И, подняв руку, свирепо заорал, выкатывая глаза:

По лицу его текли серые пьяные слёзы, и Кожемякину вдруг стало жалко Савку.

— Что, брат, — спросил он, тоже заплакав, — что-о?

Потом они, обнявшись через стол и сталкивая посуду, целовались, давили черепки ногами и, наконец, в обнимку вывалились на улицу, растроганные и влюблённые.

На улице Максим оттолкнул Савку.

— Ты, боров, прочь!

И взял хозяина под локоть, но Кожемякин обиделся, замахал руками и заорал:

— Сам прочь! Я тебе — кто?

— А вы идите, стыдно! — сказал Максим, толкая его вперёд.

Пришли домой. Разбудив Дроздова, пили в кухне чай и снова водку. Шакир кричал на Максима, топая ногой о пол:

— Зачем привёл свинья?

А Тиунов, качаясь, уговаривал:

— Позволь, князь, тут решается спор один, — тут за душу взяло!

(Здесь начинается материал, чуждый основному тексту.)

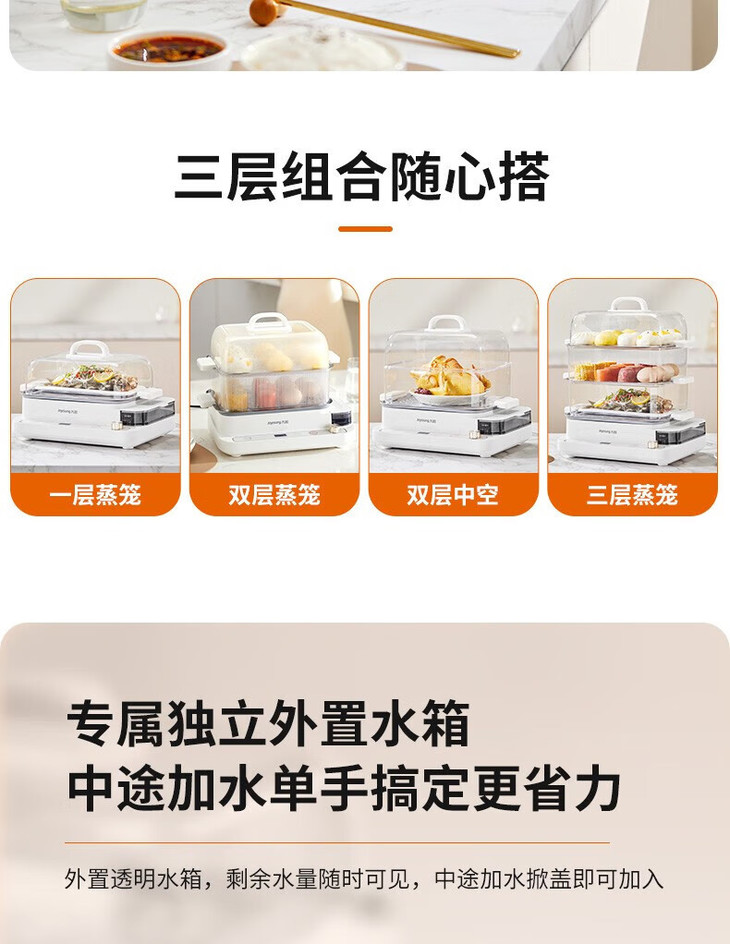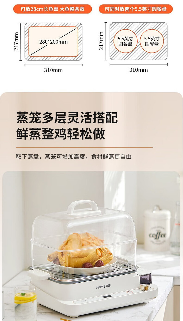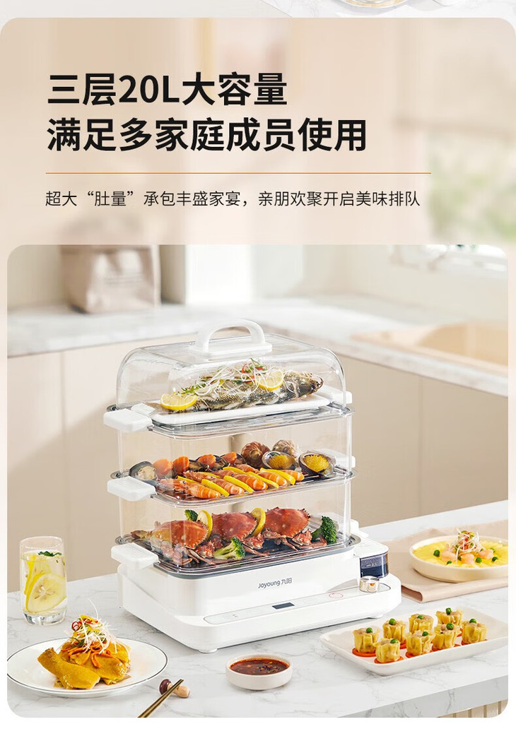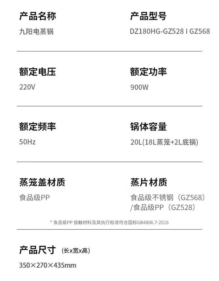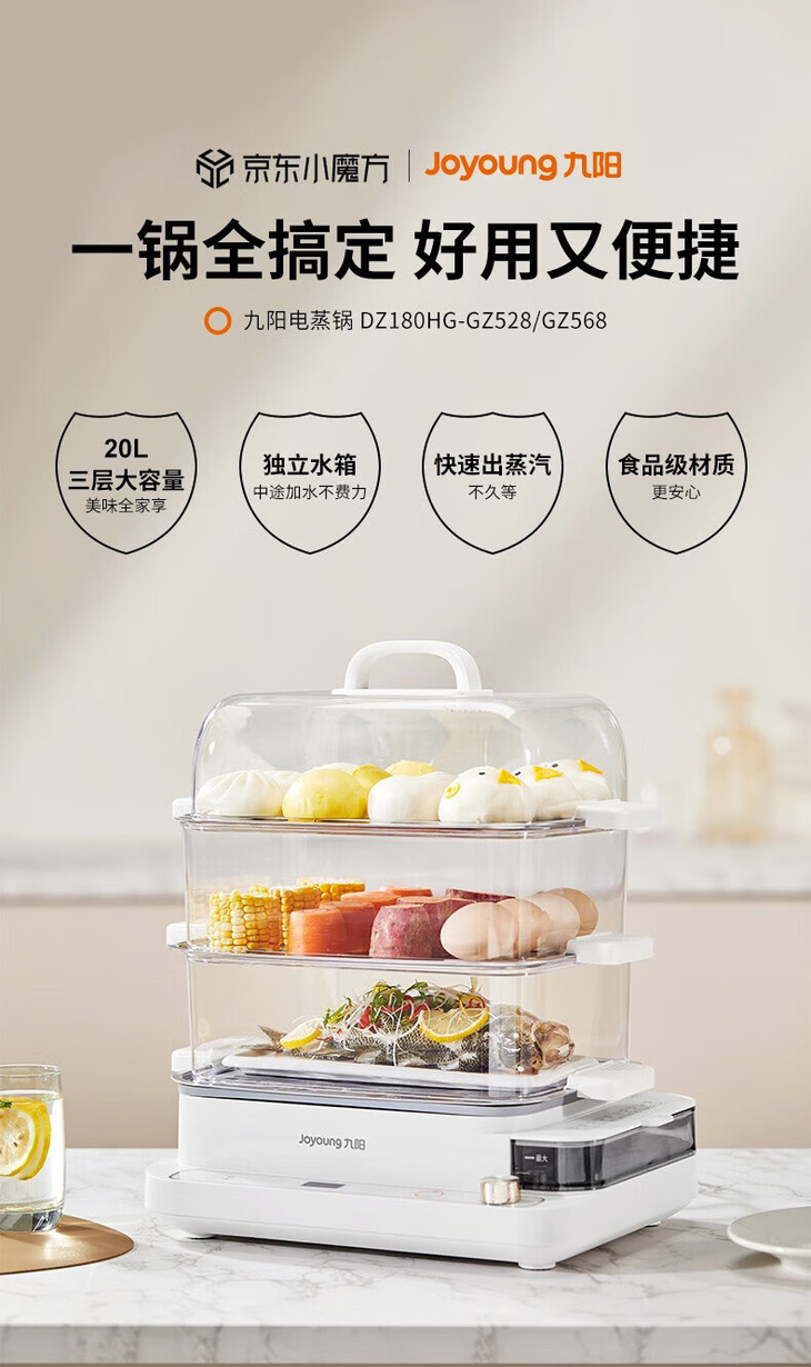 九阳(Joyoung) 电蒸锅多功能锅家用多用途锅电煮锅蒸汽锅电蒸箱电蒸笼电火锅20L大容量DZ180HG-GZ568 20L-不锈钢蒸格
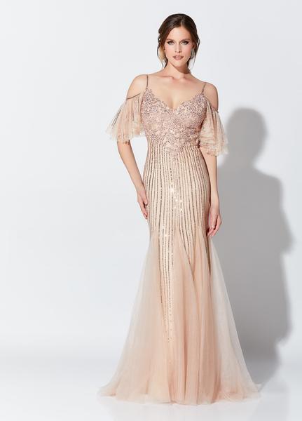 | Details: | Beaded Bodice, Fitted, Sleeveless, Cold Shoulder Cutout, Spaghetti Straps, Flutter Sleeves, Floor Length, Godet Skirt, V Back, Back Zipper Closure, Sweep Train |

Наталья, точно каменная, стоя у печи, заслонив чело широкой спиной, неестественно громко сморкалась, каждый раз заставляя хозяина вздрагивать. По стенам кухни и по лицам людей расползались какие-то зелёные узоры, точно всё обрастало плесенью, голова Саввы — как морда сома, а пёстрая рожа Максима — железный, покрытый ржавчиной заступ. В углу, положив длинные руки на плечи Шакира, качался Тиунов, говоря:

— Разве мы не одному царю служим?

Невыспавшийся, измятый Дроздов, надменно вздёрнув нос и щуря глаза, придирался к Савве:

— Вы — о душе, почтенный?

— Пшёл ты, хвост…

А Дроздов лез на него.

— Вы — со старичком?

Савва отяжелел, был мрачен, как чёрный кот в сумерках, и глаза его неподвижно смотрели вперёд.

— А-а-а, — выл Дроздов, — значит, вы… значит, вы…





Савва взял со стола огурец и ткнул им в рот Дроздову, все начали хохотать, и Кожемякин смеялся, уговаривая:

— Не надо, братцы, худого, ну его, не надо!

— Я могу извинить всякое свинство, — кричал Дроздов, — из уважения я всё могу!

Тихо и печально прозвучал голос Шакира:

— Острогам был — уваженья?

— Что такое? — удивлённо взывал Тиунов. — Стой, тут надобно коснуться глубины! Просто, по-азбучному…

А Дроздов, обиженно всхлипывая, доказывал Шакиру, который отступал перед ним в угол:

— У меня мать три месяца с графом Рудольфом…

Рыжий Максим тащил его куда-то, а Савка уверенно советовал:

— Бей его, гнилую кость, рви хвост!

Снова кричал Дроздов:

— Не тронь меня, я большой человек!

Потом щекотал шею Кожемякина усами и шептал на ухо ему:

— Обязательно надо за девицами послать!

Бил себя кулаком в грудь и с гордостью доказывал Тиунову:

— Разве я похож на людей? Бывают такие люди, а?

Тиунов же, подмигивая одиноким глазом, соглашался:

— Где им! Ты ли в картошке не луковица?

Савка поднял голову и громко закричал:

— Пой, ребята! Эй, немец, хвост, пой!

И, тяжко стукнув кулаком по скамье, заорал, вытаращив глаза:

— Аллилуйя, аллилуйя…

— Экой дурак! — сказал Тиунов, махнув рукою, и вдруг все точно провалились куда-то на время, а потом опять вылезли и, барахтаясь, завопили, забормотали. Нельзя было понять, какое время стоит — день или ночь, всё оделось в туман, стало шатко и неясно. Ходили в баню, парились там и пили пиво, а потом шли садом в горницы, голые, и толкали друг друга в снег.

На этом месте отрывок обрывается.